The results of the model

This simple model permits us to show some of the implications of the peer review process, based on Eq. (4). The two main results are the following.

Proposition 1

The peer review process leads to arbitrariness: For the same given papers, when the reviewers are different, then we get a different ranking of the papers.

The model reproduces the results of the NIPS experiment.

Proposition 2

Innovative projects are not highly ranked in the existing peer review process, mainly due to the homophilic trait of reviewers.

Instead of presenting formal proofs, we will show the results for more than 200 simulations. We present the simulations in the next section, but, let us start with a simple example which is more intuitive and allows us to understand the various claims of the propositions.

An example

There is one committee and two referees who have to choose 3 papers out of 10 (k = 10 and h = 3), an acceptance rate of 30%. This acceptance rate is consistent with the acceptance rate for computer science conferences, as shown above.Footnote 10

We assume that all criteria are equal in their weight (and assume that α, β and γ are equal to 1). We order all the papers in an increasing value such that:

$$ V_{1} < V_{i} \cdots < V_{k} $$
(5)

The two referees chosen are different in their preferences. The first referee spends much time on each of the papers (his T1 is 70, so that all papers with C lower than 70 will be reviewed accurately). But his homophilic index related to unorthodox views is low (his I1 is 40, so that all papers with innovation index higher than 40 will not be judged accurately).

The second referee does not spend much time (T2 = 40), but her homophilic index is high (I2 = 120).
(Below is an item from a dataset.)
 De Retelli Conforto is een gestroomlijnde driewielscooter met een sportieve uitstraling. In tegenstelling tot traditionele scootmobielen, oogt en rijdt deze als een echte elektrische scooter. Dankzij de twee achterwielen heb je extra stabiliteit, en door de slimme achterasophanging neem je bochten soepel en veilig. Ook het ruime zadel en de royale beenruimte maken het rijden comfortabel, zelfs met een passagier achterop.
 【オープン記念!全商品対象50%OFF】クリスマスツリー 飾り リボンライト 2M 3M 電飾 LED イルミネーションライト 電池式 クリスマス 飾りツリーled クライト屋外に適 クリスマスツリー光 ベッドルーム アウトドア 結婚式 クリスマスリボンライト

The consequences of the fact that these two referees are quite dissimilar in the time spent on refereeing, and in their homophilic index is that they will differ in their choice of papers. In Table 2, we present the 10 papers, their ‘true’ value, and how they were ranked by the two referees.

Table 2 An example

Results of the example

Table 2 permits us to compare the ranking of papers chosen by each referee, as well as their average. First, we see that reviewer 1 will choose the three papers: 7, 8, 10; while reviewer 2 will choose the three papers: 5, 9, 10 (recall that the referees have to pick 3 papers out of 10).
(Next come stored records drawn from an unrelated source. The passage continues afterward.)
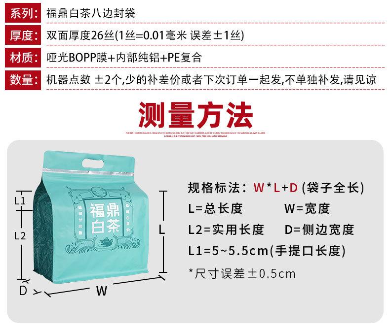 Bolsa de Empaque de Té Blanco de Fuding Bolsa de Papel de Aluminio Sellada por Ocho Lados Té Suelto Bolsa Autosellable Bolsa de Papel de Aluminio Puro Mate General de Alta Calidad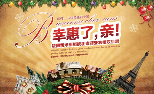 SCHMIDT司米橱柜源于1934,是法国第一橱柜品牌。80年,从法兰西到中国,一直秉承“领先每一个细节”的品牌理念,致力于将“便捷、快乐、高品质”的家居生活理念带进每家每户。现正值双旦岁末疯狂之际,继“9.21司米首航风暴席卷六城”大型促销活动之后,司米橱柜再次来袭,在双旦这个特别的日子,携手索菲亚衣柜举行“幸惠了,亲!”大型惠民促销活动,在这个不一样的圣诞节,带给你不一样的法国浪漫,在这个不一样的元旦节,带给你不一样的惊喜,暖心暖人,这个冬天不太冷,司米橱柜陪你过暖冬。热情与火爆交融,只因带来的不只是钜惠,更是心意!这个冬天,全国有着不一样的温暖!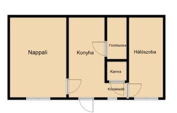 A lakás a harmadik emeleten egy körfolyosóról nyílik. A tágas konyhába érkezünk amiben egy étkező sarok is elfér. Balra a tágas nappali szoba aminek ablaka a nyitott körfolyosóra néz ez által kellően világos. A gépesített étkezősarkos konyhából nyílik a kádas fürdőszoba amiben a toalett is helyet kapott. Jobbra a közlekedőből nyílik egy kamra ami biztosítja a tárolási lehetőséget. Szemben a hálószoba aminek az ablaka szintén a folyosóra néz.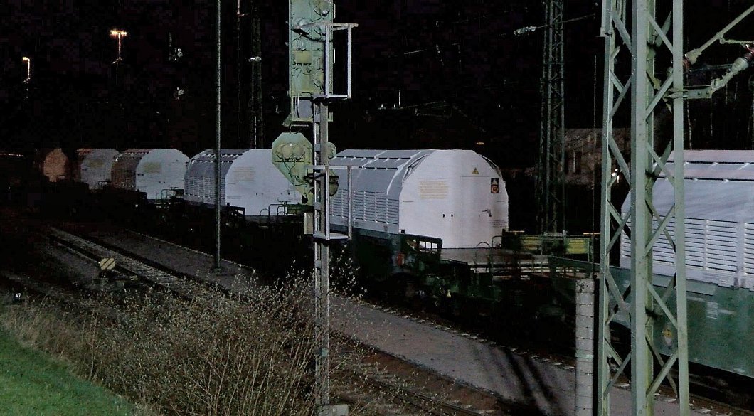 Anders als in der Zeit der großen Anti-Atom-Bewegung ist ein Zug mit hoch radioaktiven Atomabfällen ohne Zwischenfälle quer durch Deutschland bis ans Ziel gerollt. Die sieben aus Großbritannien kommenden Castor-Behälter erreichten am Abend das Zwischenlager in Niederaichbach. Um 19.10 Uhr passierte der Zug das Tor. Damit geht ein weiteres Kapitel deutscher Atomkraftgeschichte seinem Ende entgegen. Denn: Es war der vorletzte Castor-Transport dieser Art.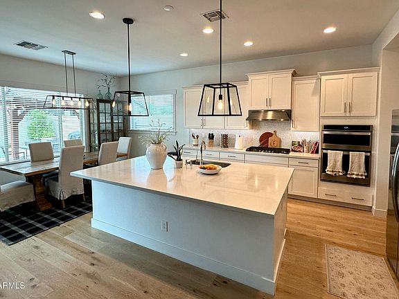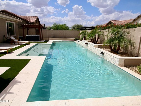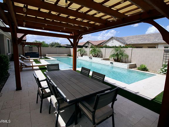 Spacious single-level 4 bdr/3.5 bath home in the desirable Morrison Ranch Desert Place subdivision. This home has many upgrades including, hardwood flooring, custom box panel wall trim, window casings, tray ceilings, plantation shutters, wood blinds, six ceiling fans, quartz counters, and surround sound speakers. The backyard is a summer oasis featuring three raised waterfalls pouring into a 50' swimming pool, two pergolas framing an above-ground spa and outdoor dining, and a large covered patio, all tied together by cool white limestone paving. Note: 4th bedroom is used as a den/office. Seller is a owner/agent.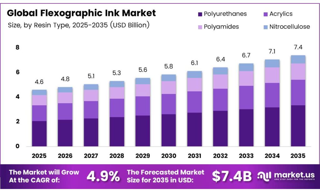The Global Flexographic Ink Market size is expected to be worth around USD 7.4 billion by 2035 from USD 4.6 billion in 2025, growing at a CAGR of 4.9% during the forecast period 2026 to 2035.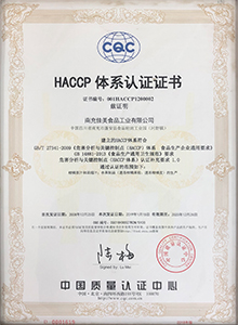 南充佳美于2008年按GB/T 27341-2009標(biāo)準(zhǔn)建立HACCP體系,同時取得HACCP 體系認(rèn)證證書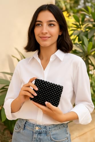ZECOTEX - Black Beaded Clutch Purse for Women | Elegant Evening Handbag for Parties & Weddings | Classic Pearl-Inspired Night Bag (Black)

What is striking is that the referees agree only on 1 paper out of 3. Indeed, both reviewers have in common only the paper #10 (1/3!).
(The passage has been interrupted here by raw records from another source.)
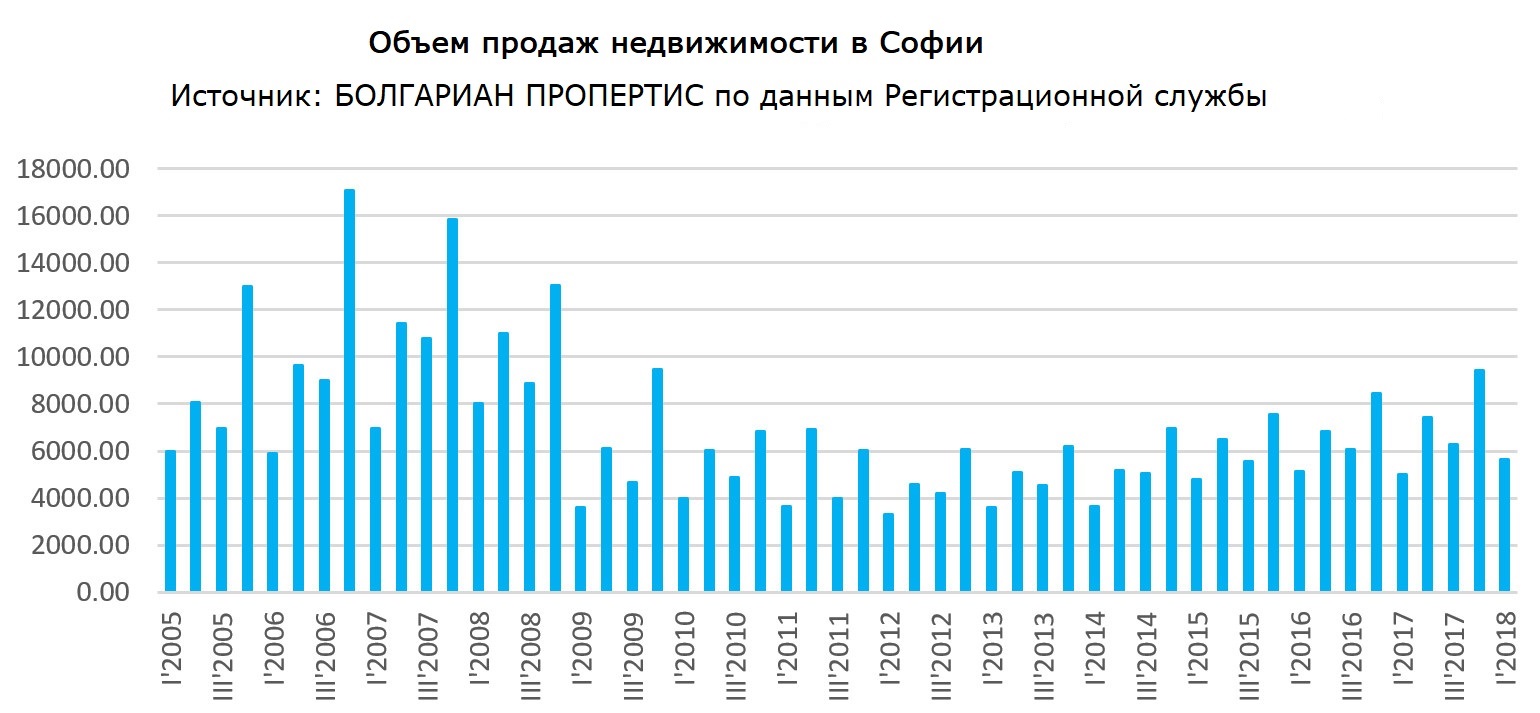 Данные также показывают, что темпы роста продаж недвижимости в Софии ускоряются (примерно с 8% на 2015 и 2016 годы и на 6% на 2017 год).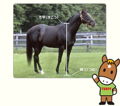 背中の一番前、首の付け根あたりに少し出っ張っている「キ甲(きこう)」という部分があります。地面からキ甲までの高さを図ったものがその馬の体高となります。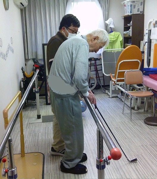 リハ室の前を通ると、ちょうどリハビリを終えようとしていた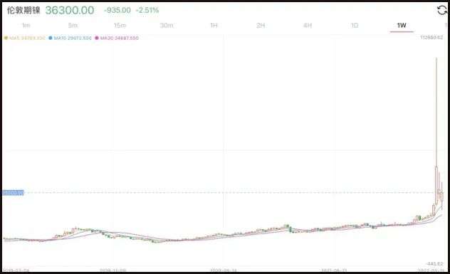 镍价的经历就更加浮夸,3月7日-8日两个交易日内,伦敦期镍价格从约3万美元/吨一度上涨至10万美元/吨。即今天众所周知的“妖镍”,青山集团遭多头逼空事件。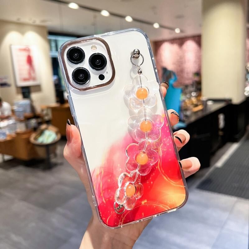 Θήκη για iPhone 14 Pro Max σε Χρυσό με σχέδιο Μάρμαρου Halo και Βραχιόλι Λουλουδιών (Ροζ)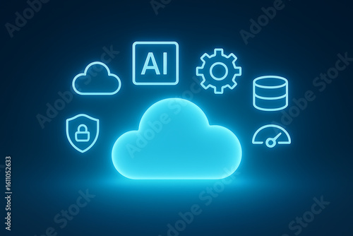 Modern cloud computing and AI data security icons for business and technology solutions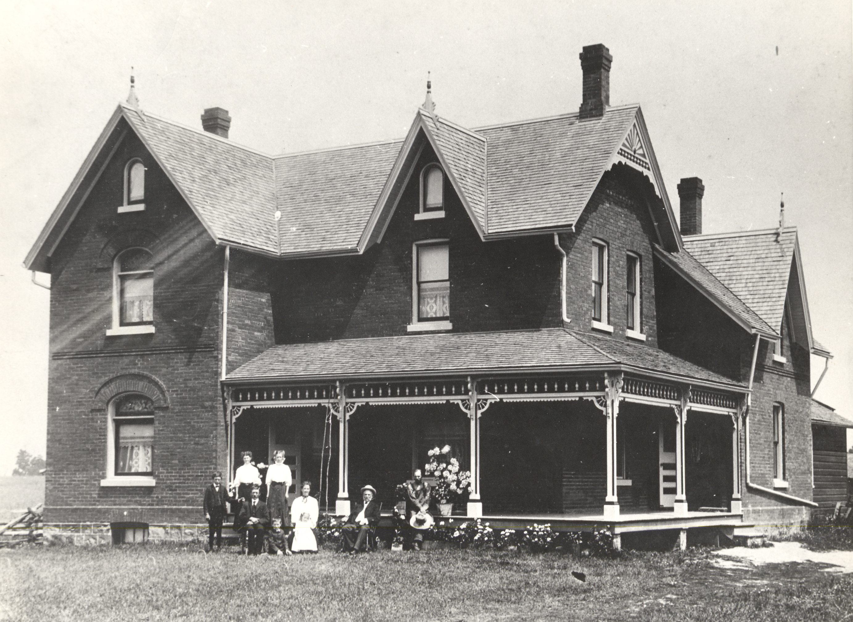 Wellington Webb and family - wife Clarisa (nee Vanderburgh) (l to r): Son Albert, daughter Florence (Mrs. Blythe McConkey), son Cecil (seated), Clarisa, small girl probably Noreen Plant, Mr. Pim seated in rocker, hired man unknown, probably Ernie Denton Housing and residences Albert Webb Florence Webb Cecil Webb, Clarisa Webb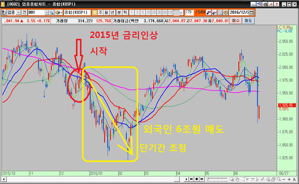 작년 금리인상 때에는 연말 배당을 노리고 들어온 단기자금의 이탈을 시작으로 하락세가 시작되는 모습이었습니다.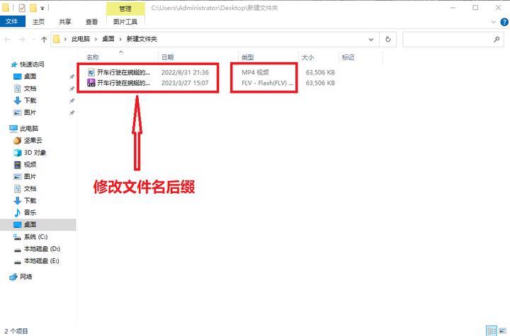 这个方法操作简单,部分视频可以直接运用此方法修改格式,但是也易出现文件格式损坏不能使用的情况,不过这个时候我们也可以直接将后缀改回去尝试使用其他方法。

In case the committee chooses the papers by average then, the final choice of the papers will include papers 5, 7, 10, while the best 3 papers are: 8, 9, 10. The referees should have chosen papers 8, 9, 10. In fact they have chosen, 5, 7, 10: a mistake of 66%.

As stressed in Proposition 1, there is Arbitrariness in the peer review process. This is exactly what happened in the NIPS experiment. Our example replicates the results of the NIPS experiment.

Moreover, the three innovative papers are #8, 9, and 10. Only the paper #10 is chosen. As stated in Proposition 2, peer review leads to a bias against innovative papers and projects.

This example highlights the bias in the peer review system. We turn now to present the 200 simulations performed.

Simulations

Introduction

We now present the simulations performed. The number of papers is 100 (k = 100). The number of papers accepted, h, is either 5, 10 or 15 (i.e., 5%, 10% or 15% acceptance rate). We present different acceptance rates in order to check whether the acceptance rate has an impact on arbitrariness.

The Committee chooses 30 referees to referee the 100 papers. The committee sends each referee 10 papers, so that each paper will be read by 3 referees.Footnote 11

Recall that Eq. (1) represents the true value of the paper:

$$ V_{i} = \, \alpha \,S_{i} + \beta \,C_{i} + \gamma \,I_{i} $$

where S is soundness, C contribution of the paper and I, innovativeness of the paper. We first explain the size of the coefficients, and then how C, S, and I are generated.

The coefficients

The coefficients given to the various criteria can be different. These coefficients account for varying emphasis on certain aspects of the paper (innovation, contribution, and soundness). Indeed, different reviewers, heads of project financing and conferences, each put the emphasis on different elements. Some may care more about innovation than contribution, or vice versa.

Hence, we test five different sets of coefficients:

$$ \alpha \, + \beta \, + \gamma \, = 1 $$
(6)

In Table 3, we present the five sets of coefficients, each labelled respectively coeff. 1–5.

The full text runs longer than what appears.